J.C. Penney shares tumbled to an all-time low after the retailer posted quarterly sales results that rose less than analysts estimated for the key holiday period.
Sales at locations open at least a year rose 2 percent in the fiscal fourth quarter, which ran through January, the Plano, Texas, company said Tuesday. Analysts expected a 4.1 percent gain. Same-store sales climbed 3.1 percent in the nine weeks through November and December, J.C. Penney said.
But the news wasn’t enough to impress Wall Street. After rising briefly, shares fell 60 cents — more than 10 percent — to close at $5.08.
Chief executive Mike Ullman has halted the drop in J.C. Penney’s sales by reviving popular private-label brands and bringing back sales events that former CEO Ron Johnson had done away with. The effort resulted in the first same-store sales gain since the quarter ended in July 2011. Even so, the modest increase highlights the hard work that remains, said Mary Ross Gilbert, an analyst at Imperial Capital LLC in Los Angeles.

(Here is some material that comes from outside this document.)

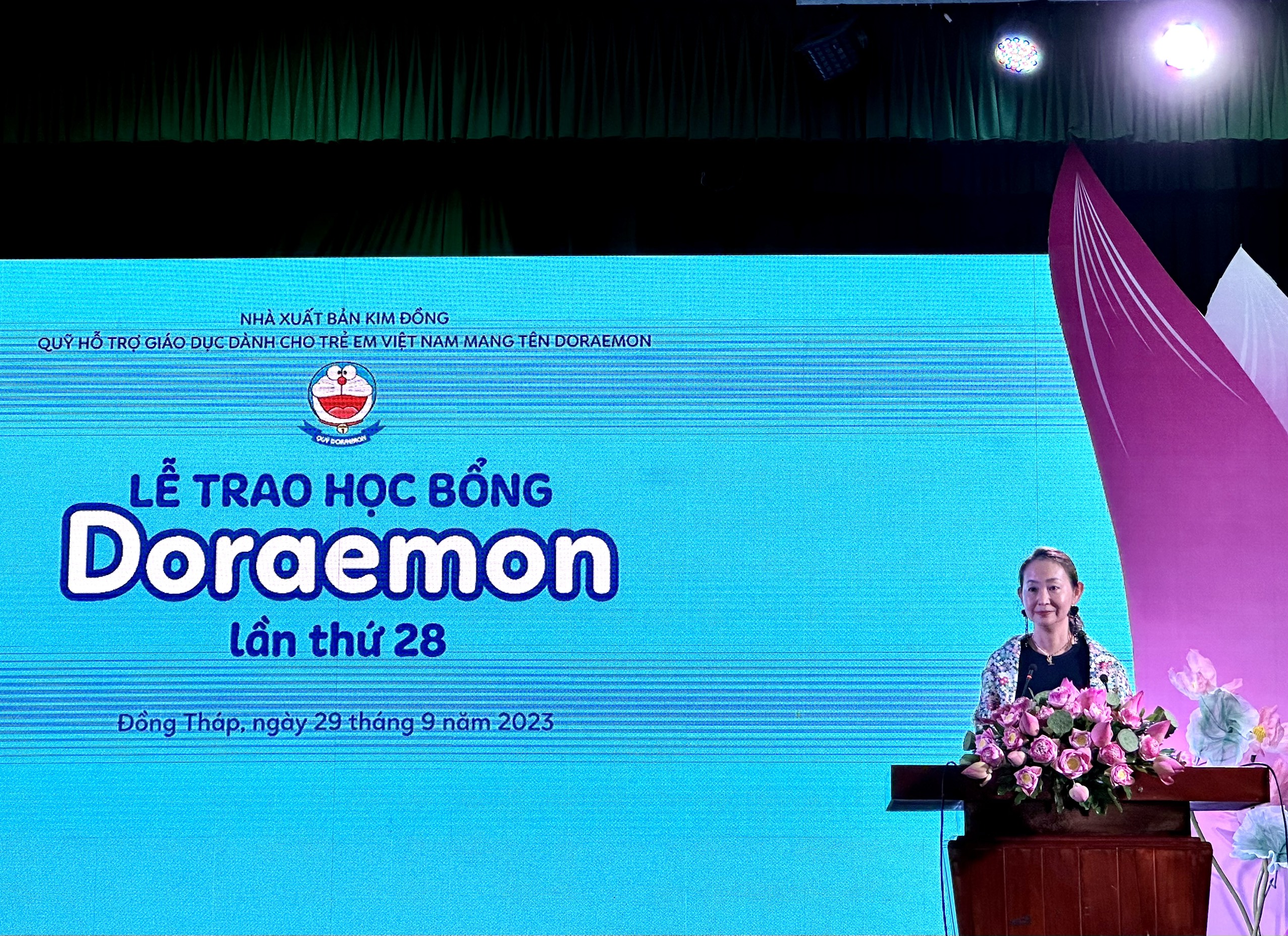 Ngày 29/9/2023, tại Trung tâm hoạt động Thanh thiếu nhi tỉnh Đồng Tháp, Nhà xuất bản Kim Đồng, Quỹ hỗ trợ giáo dục dành cho trẻ em Việt Nam mang tên Doraemon (Quỹ Doraemon) đã tổ chức lễ trao học bổng lần thứ 28 năm 2023 cho 559 em học sinh đến từ 20 tỉnh, thành phố khu vực Đông Nam Bộ và Đồng bằng sông Cửu Long. Mỗi suất học bổng Doraemon trị giá 1 triệu đồng.

‘‘For comparable sales to be up 2 percent just underscores how challenged J.C. Penney is,’’ Ross Gilbert, who has the equivalent of a sell rating on the shares, said in a telephone interview. ‘‘In this competitive environment, it shows how tough it is to regain lost share.’’
J.C. Penney’s same-store sales plunged 32 percent in the fourth quarter a year earlier.
J.C. Penney said it ended the quarter with more than $2 billion in liquidity, meeting its forecast. It plans to announce its full fourth-quarter results Feb. 26.